In that moment, I spied an orange glow in the hill to the east. I raced toward it. Perhaps I was racing toward a brigand camp, but even a death at the hands of forest raiders would be better than to fall to my pursuers. As I ran, the distant glow drew into focus, separating and coalescing into the shape of two windows. It was a small cottage at the top of the hill. I sprinted toward the door, threw it open, ducked inside, and forced my back against it.

In the glow of lamplight before me I saw 5 stunned faces: a man, a woman, and three children. The man and woman had been sitting at an oak table; the children had been curled up on straw mattresses. They were certainly surprised, but it seemed like they sized up the situation faster than I'd expect them to. The man raced to the door and threw his weight into it beside me. An unearthly wail erupted from outside the door, then came scratching, clawing, thumping. The door gave under their weight once, twice, thrice, but we held fast. And then they were gone.

We heard the gnarlends' rustling shamble and nightmarishly melancholy chorus fade into the forest. The man, an Askarian by the looks of him, dusted me off and helped me to my feet. He wordlessly lumbered to the table, poured a flagon into a dented metal cup, and handed the cup to me. “Your health,” he grunted. “Hunter, eh?” he asked as I put the cup to my lips.

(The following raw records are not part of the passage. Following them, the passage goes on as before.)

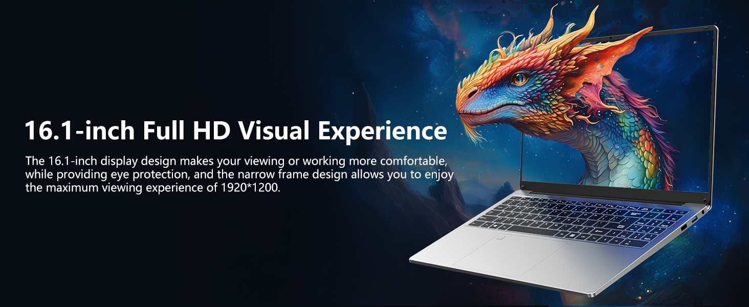 - Dive into Visual Brilliance:Immerse yourself in a world of brilliance on the 16.0" FHD IPS display, boasting an enchanting 1920x1200 resolution. The 0.2-inch micro-bezel and an impressive 90% screen-to-body ratio, every pixel is a vivid masterpiece that captivates your senses.
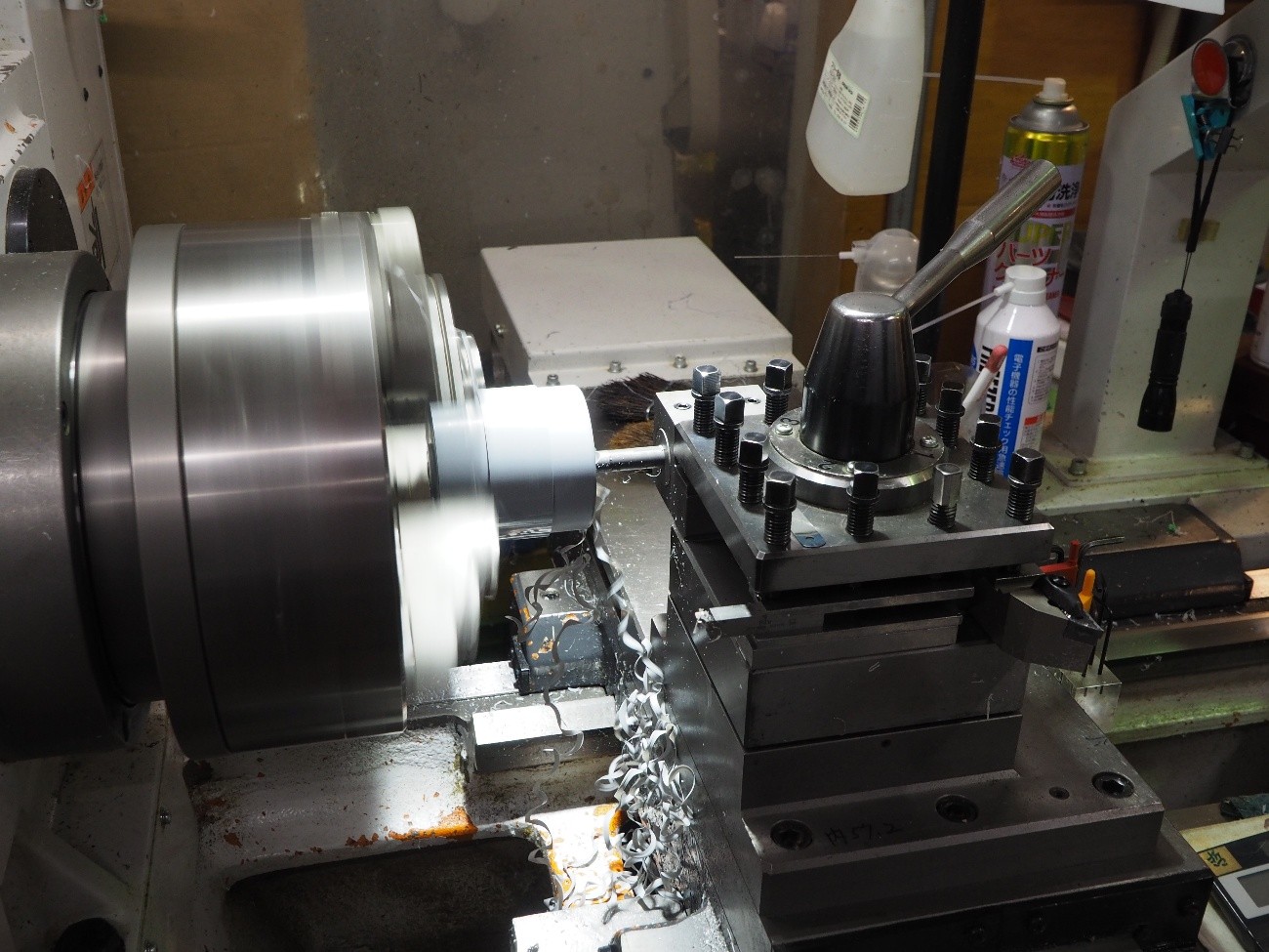 加工は旋盤を中心に進め、外形の削り出し、貫通穴加工、内径の公差調整、摺動面の仕上げという工程を経て、回転性能を最大限引き出しました。
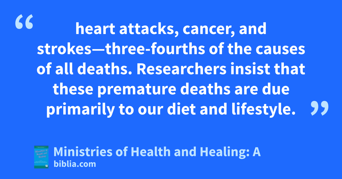 heart attacks, cancer, and strokes—three-fourths of the causes of all deaths. Researchers insist that these premature deaths are due primarily to our diet and lifestyle.
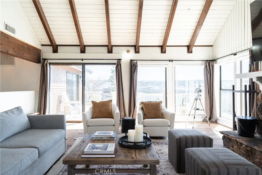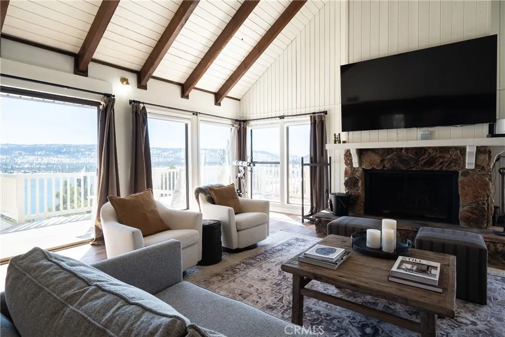 Breathtaking views in every direction, plus approximately $140K in annual gross short-term rental revenue! Positioned high above the valley, this beautifully remodeled mountain home feels like it’s sitting on top of the world, offering sweeping panoramic vistas of Big Bear Lake, the valley below, forested ridgelines, surrounding mountains, ski slopes, and San Gorgonio. From sunrise to golden-hour sunsets, the expansive skyline creates an unforgettable backdrop ideal for stargazing and four-season mountain enjoyment. Offering approximately 2,592 square feet of living space, the home features 4 bedrooms and 4 bathrooms, designed for comfort, privacy, and flexibility. The upper level serves as the main living space, showcasing vaulted ceilings, abundant natural light, and an open-concept layout that seamlessly connects the living room, dining area, and kitchen. A stone fireplace anchors the living area, while large windows and direct deck access keep the dramatic views front and center. The expansive upper deck is ideal for entertaining, relaxing, or simply taking in the scenery. A dedicated office nook and a private primary bedroom complete this level. The lower level is equally impressive, offering three additional bedrooms, multiple bathrooms, and outstanding recreation spaces. The spacious garage has functioned as a game room and entertainment hub, while a charming under-stair nook provides flexible bonus space. The layout allows for excellent separation between gathering areas and sleeping quarters. Outdoor living is a highlight, with multiple decks, a hot tub, fire pit, and grilling areas designed to enjoy all four seasons. Located on a quiet street approximately 15 minutes from Snow Summit and Big Bear Lake Village, with convenient access to dining, shopping, the airport, and main roadways, this home delivers an elevated Big Bear lifestyle! Designed to be enjoyed year-round, it offers space, scenery, and flexibility for unforgettable Big Bear experiences.

I nodded. “Hunters always welcome here. Drive off th' demons, keep out th' evil.” I smiled and took a deep draught of the drink. “Always welcome...” he seemed to trail off. Then it all went to fog.

I came to, I believe it was the next day. I had been bound and stripped of my weapons and fine Redbrow armor and dressed in a plain canvas tunic and trousers. I was in a different dwelling: a great hall. The walls of the hall were adorned in banners that bore unfamiliar symbols.

Figures wearing dark cloaks milled about. But my attention was drawn to the great table at the center of the hall. It was strewn in butchered human corpses. Lined up at the table, hunched over the butchered slabs of human flesh, were a dozen cloaked figures. They were greedily poring over the slabs, cutting them, drawing them to their faces; they were eating them! On one of the slabs of human flesh I recognized a tattoo: a symbol of a long-disbanded sellsword company called the Brothers of Liven. It was Ajnder's. They had collected the corpses of my fellow Bloodbrows, butchered them, and were now committing the ultimate act of defilement upon them.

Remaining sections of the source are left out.